We thought that was strange but then it got even stranger when we
found out that it still needs another worm to make eggs. The eggs
are laid in a cuff-like part that goes around the worm body.
The cuff slides up and off of the worm’s body and forms a cocoon.
The earthworms hatch in a few weeks.
Earthworms
are important to the land. They
loosen up the soil and put air into it. The soil grows things
better because of this. They
eat the dirt as they crawl through it.
Their bodies digest the plant parts of it and get rid of the rest.
This also makes the soil better.
Earthworms—like
other animals—have learned to adapt to where they live.

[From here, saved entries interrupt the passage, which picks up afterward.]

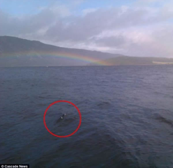 这个拍自2011年的照片显示一个长着两个驼峰的物体很快消失在尼斯湖水下。
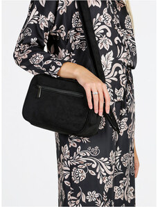 Moschino borsa a tracolla da donna in suede con maxi logo lettering in metallo nera
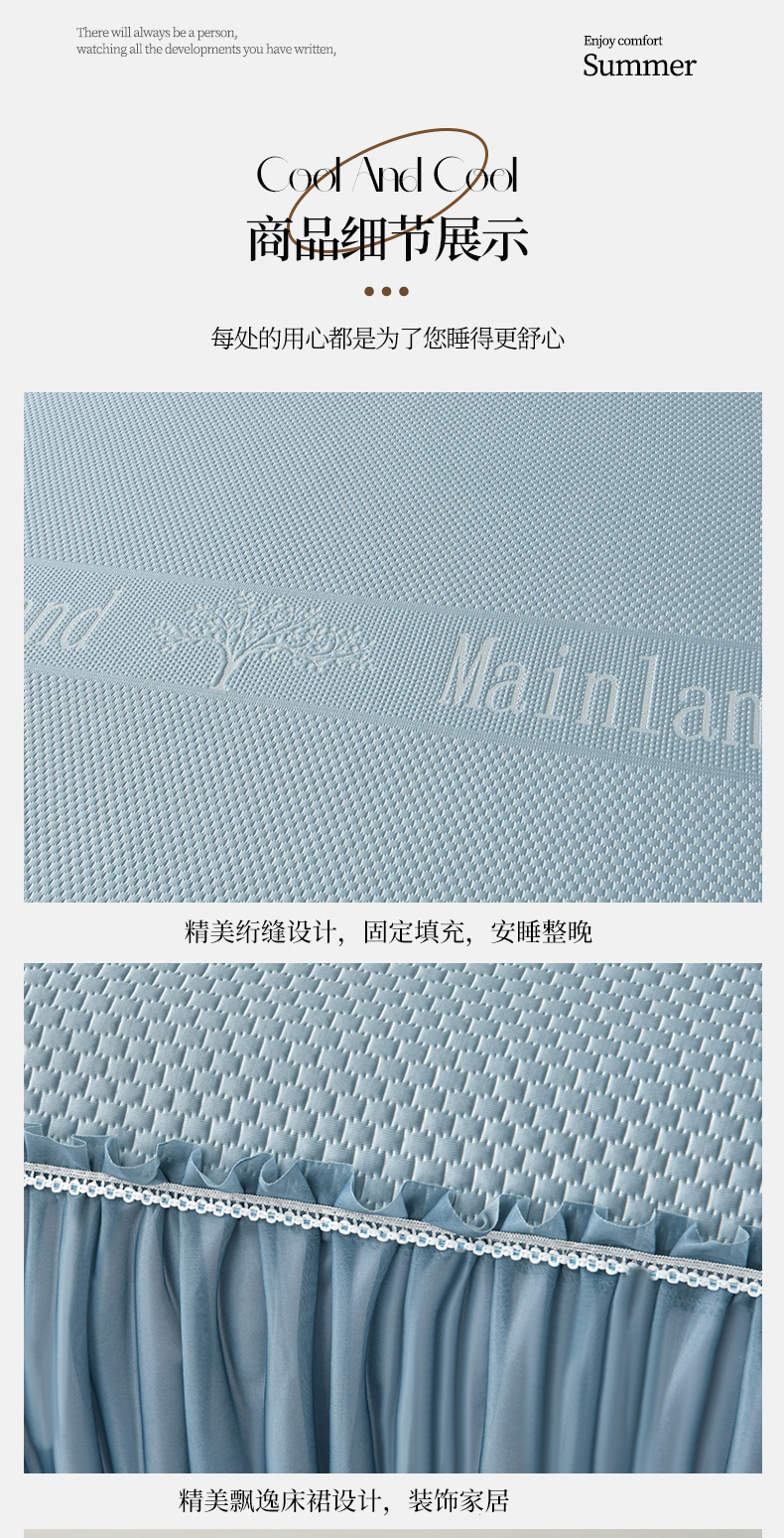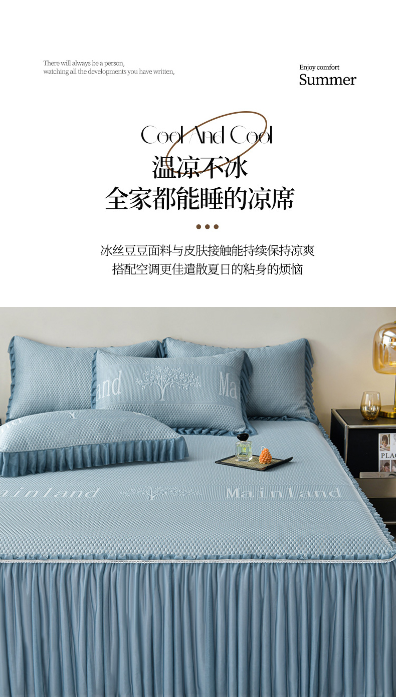 商品名称:星窝家纺 2026新款冰豆豆床裙款凉席 蓝调树影
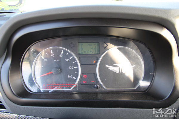 仪表盘由一个指针式仪表盘和一个液晶显示屏仪表盘等组成,涵盖了水温、油量、车速等信息,常见的右边转速表的位置设计了唐骏的小天使LOGO。
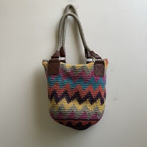 The Sak Multicolored Crochet Purse Chevron Design Boho
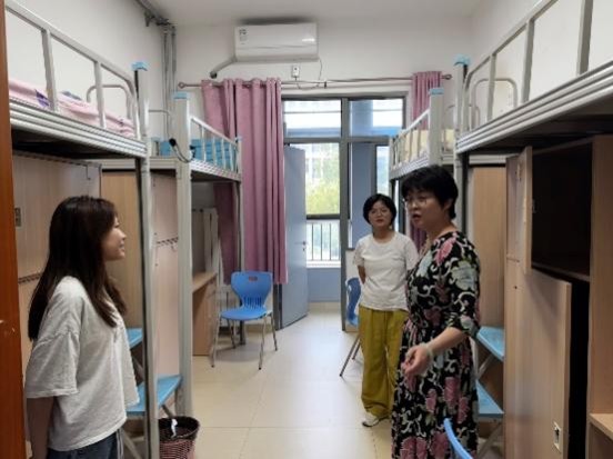 走访过程中,学院领导与老师们亲切问候刚刚报到的同学,了解每位新生的需求、入学适应情况,耐心询问同学们在生活起居、饮食习惯和课程预习等方面的具体情况,并认真倾听同学们的困惑,了解他们的需求,及时予以解答和帮助。领导与辅导员们对宿舍的用电安全、消防安全、卫生环境等进行了全面排查,并向同学们详细讲解了宿舍安全管理的各项规定与自我防护知识,向新生们普及寝室安全常识和校纪校规,提醒大家增强自我保护意识,杜绝安全隐患,共同维护整洁、安全、和谐的生活环境。
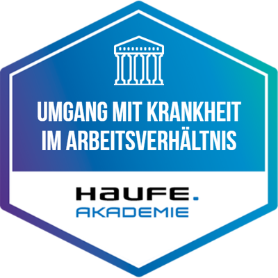 Empfänger:innen dieses Badges haben an einer betrieblichen Weiterbildung der Haufe Akademie teilgenommen. Die betriebliche Weiterbildung vermittelte profundes Wissen und Kompetenzen mit höchsten Anforderungen an Aktualität, Qualität und Praxisrelevanz. Ausgewählte Top-Referent:innen, State-of-the-Art Inhalte und erprobte Lerntransfertools befähigen die Empfänger:innen dieses Badges dazu, das vermittelte Know-how wirksam in die Praxis umzusetzen.
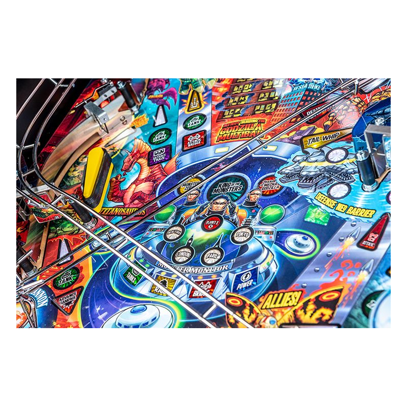 La version Pro du flipper Jaws propose un plateau fluide et accessible, idéal pour les joueurs souhaitant profiter d'un flipper Stern moderne avec un gameplay rapide et efficace. Les rampes métalliques, les boucles rapides et les cibles interactives permettent d'enchaîner les combos tout en progressant dans les missions inspirées du film. Chaque tir réussi rapproche les joueurs de la confrontation finale avec le requin, déclenchant des modes de jeu intenses et des séquences de multiball explosives qui font monter l'adrénaline.
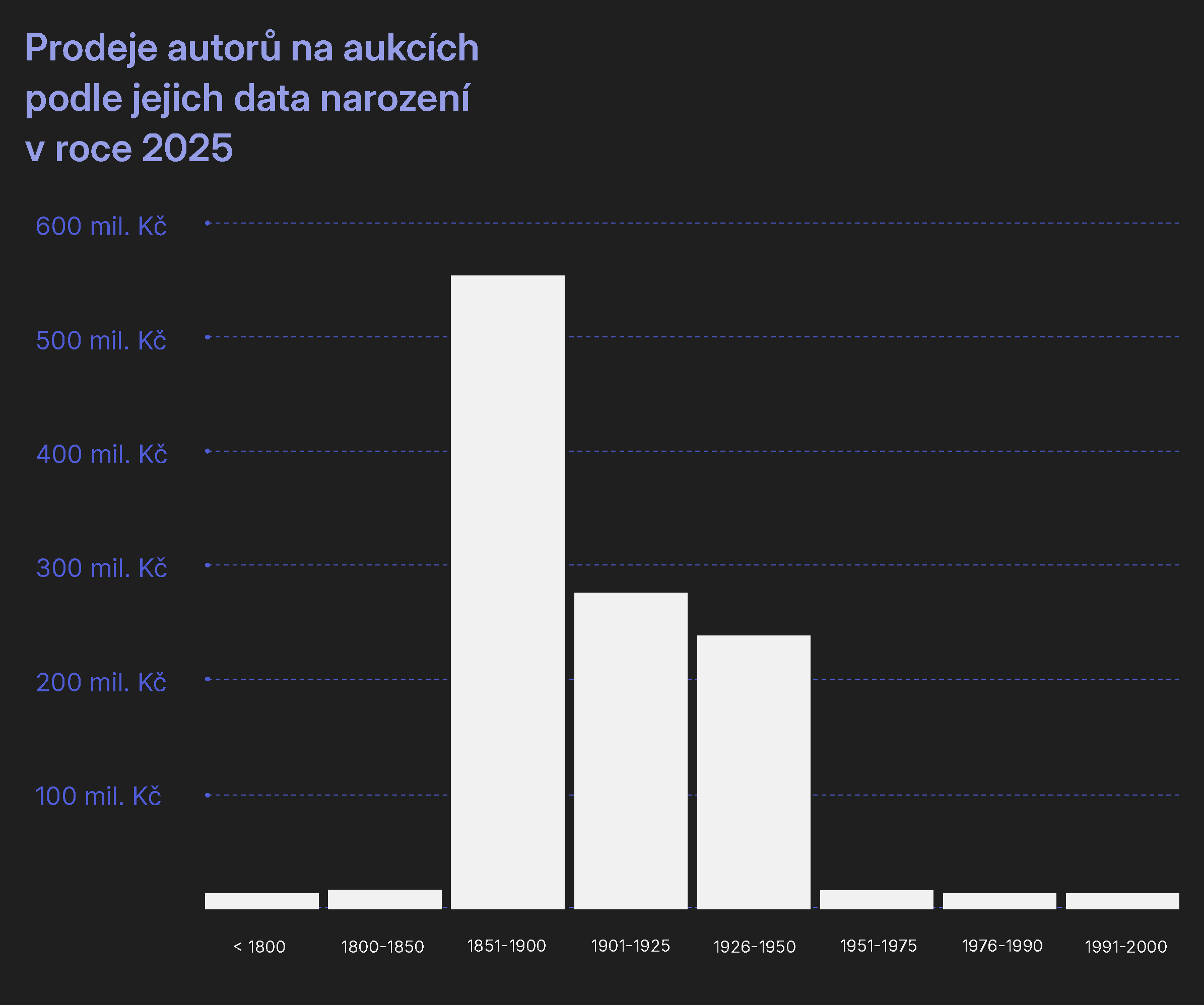 Stejně jako tomu bylo i v předchozích letech, páteří tuzemského aukčního trhu zůstává tvorba konce 19. a počátku 20. století. Největší objem prodejů připadá na autorstvo narozené ve druhé polovině 19. století. Zájem o starší mistry je výrazně nižší a podobně klesá i celkový objem prodejů od počátku 20. století směrem k mladším generacím. Zatímco autorstvo působící na přelomu 19. a 20. století dosáhlo souhrnného obratu téměř tři čtvrtě miliardy korun, současné umění i díla starých mistrů se na aukcích pohybují spíše v nižších desítkách milionů korun.
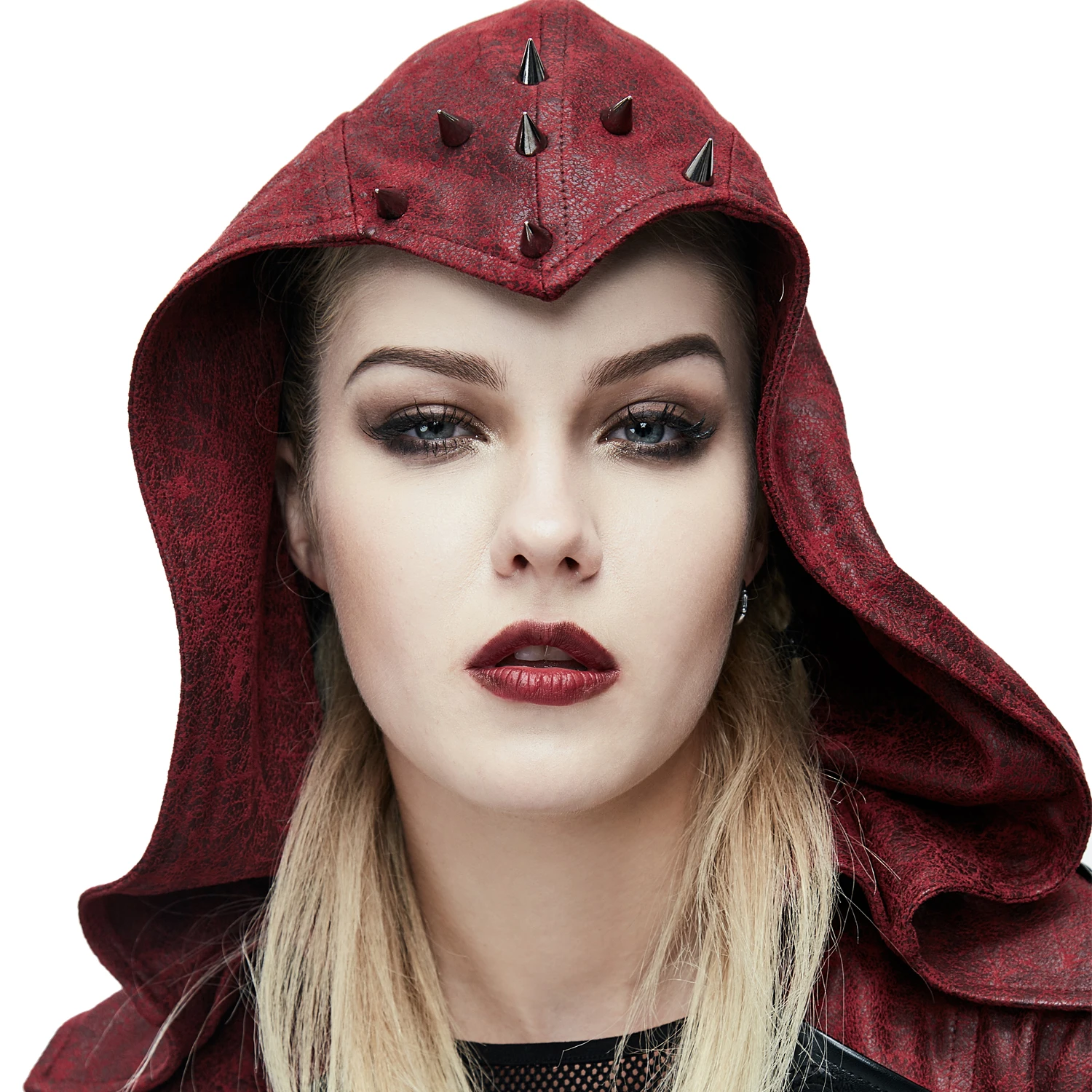 • Capuche oversize inspirée d’Assassins Creed à fermeture à pression entièrement amovible avec des spikes métalliques sur le devant
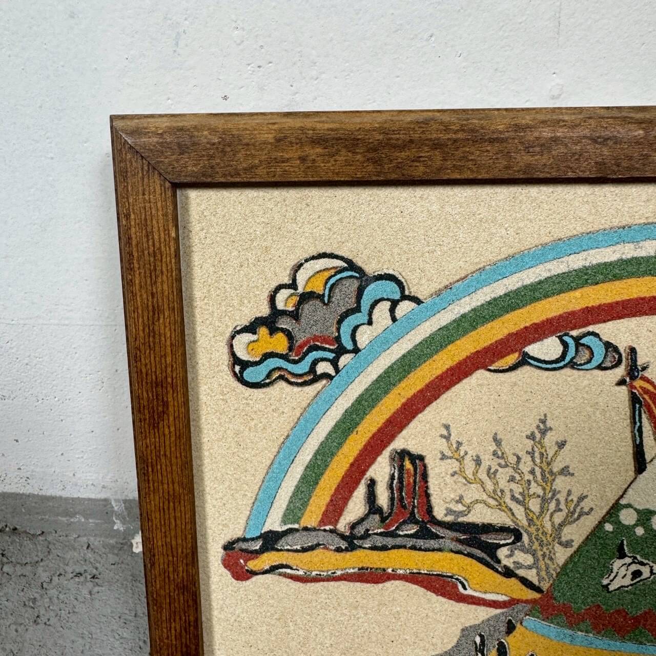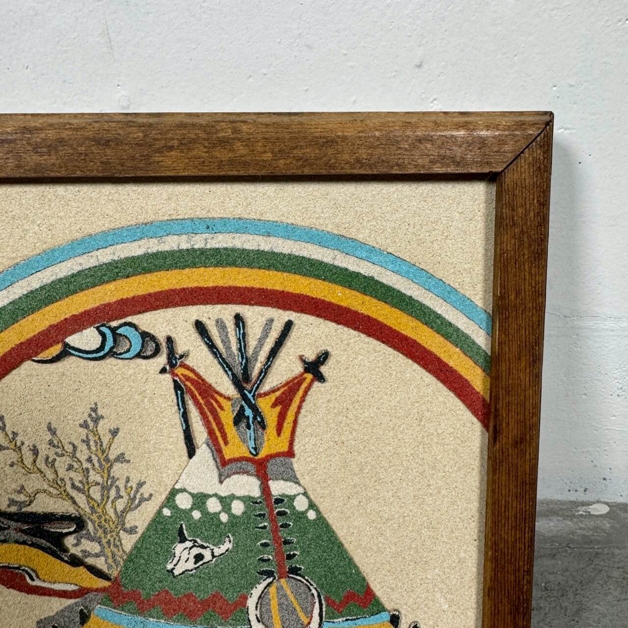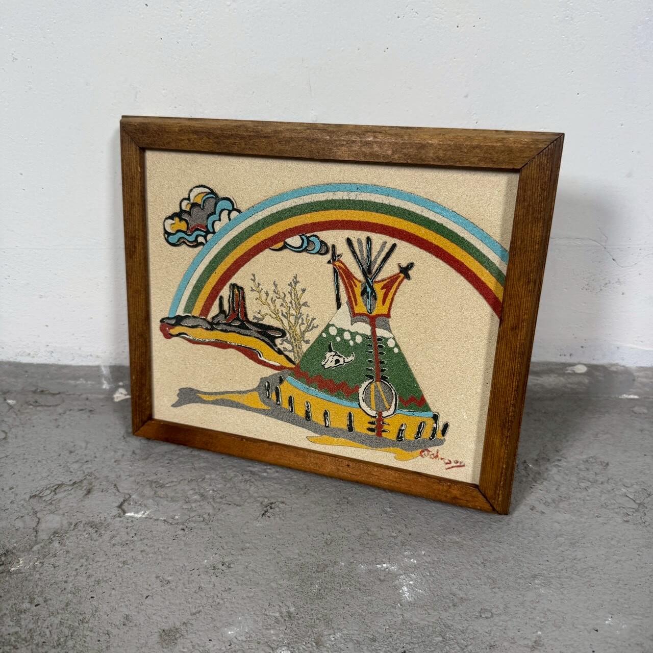 ネイティブアメリカンのティピーや荒野の風景、レインボーをモチーフにしたビンテージのサンドアート作品です。
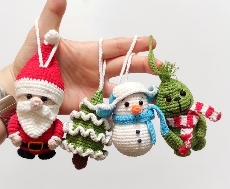 МК содержит подробное пошаговое описание 4-х ёлочных игрушек
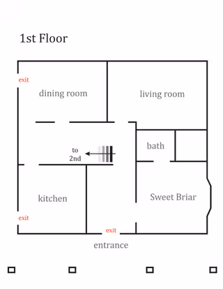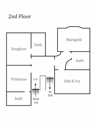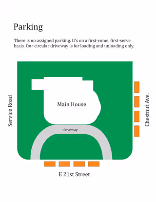 Find your room at a glance and see where to park when you arrive. The main house features first and second-floor rooms, with accessible parking on E 21st Street or Chestnut Ave.
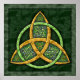 Un diseño original del Celtic Trinity Knot, en verde y dorado, decorado con más nudos celtas y enmarcado en un campo verde.
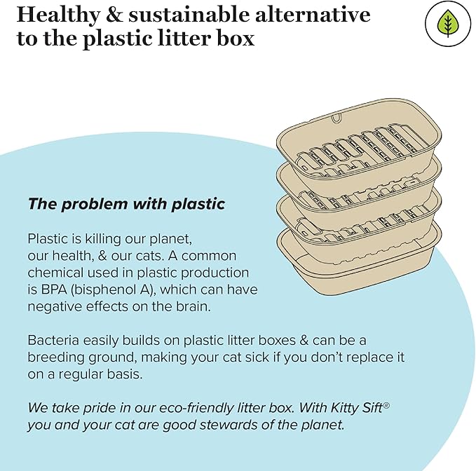 Kitty Sift (Set of 1 Litter Box & 5 Sifting Liners) Sustainable, Clean, Sifting, Disposable Cat Litter Box Kit - Large, 6-Set Kit
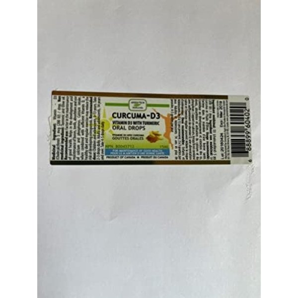 *VITAMIN D3 ORAL DROPS WITH TURMERIC NPN 80043712, A unique synergistic formulation that keeps you in GOOD HEALTH. Vitamin D is derived from sunlight and deficiency of this vitamin can affect your mood, bone strength, immunity and overall health. The right amount of sunshine can lift your mood. Turmeric is another golden spice of life with many benefits known since ancient times. While vitamin D and Curcumin ( found in Turmeric) have ample health benefits in their own right, research has revealed that the two when combined has a great synergistic effect and can do wonders in maintaining overall health. Greentech Agri-Bio Product Research Centre has done extensive study of research done on these two potent ingredients and came up with this new idea of formulation of Curcuma D3 providing the health benefits of both Vitamin-D3 and Turmeric. Moreover all adults, adolescents and children can use Curcuma- D3 oral drops. Take recommended dose (s) of these vital drops every day or swallow with any non alcoholic liquid of your choice and remain active and healthy. No artificial flavor, no artificial color and no preservative. 100% natural. INGREDIENTS:Vitamin D3( Cholecalciferol) 5 mcg (200IU)/Drop,Turmeric (Curcumin) and Pure Olive oil RECOMMENDED DOSE(S): Children and Adolescents: 0-13 years 2-3 drops daily Adults and Adolescents: 14 years and over 4-5 drops daily RECOMMENDED USE: Factors in the maintenance of good health. Helps in the development and maintenance of bones, teeth, absorption and use of Calcium and Phosphorus. Calcium intake, when combined with sufficient Vitamin D, a healthy diet and regular exercise may reduce the risk of developing Osteoporosis.

They are hibernators and estivators.
When it starts to get cold, the worm will dig down below where
frost will reach them—sometimes seven or eight feet into the ground.
They stay there until it warms up outside and then they come back
up to the surface.
Just the opposite, worms can’t live with too
much heat, light or drought.
They go into estivation to get away from these things.
Estivation is a summer time
hibernation.
Earthworms
can’t have too much water, either. They
can drown if the soil gets soggy. Most
of the time they are in the first couple of inches of dirt and come to the
surface at night. This is why
they are sometimes called nightcrawlers.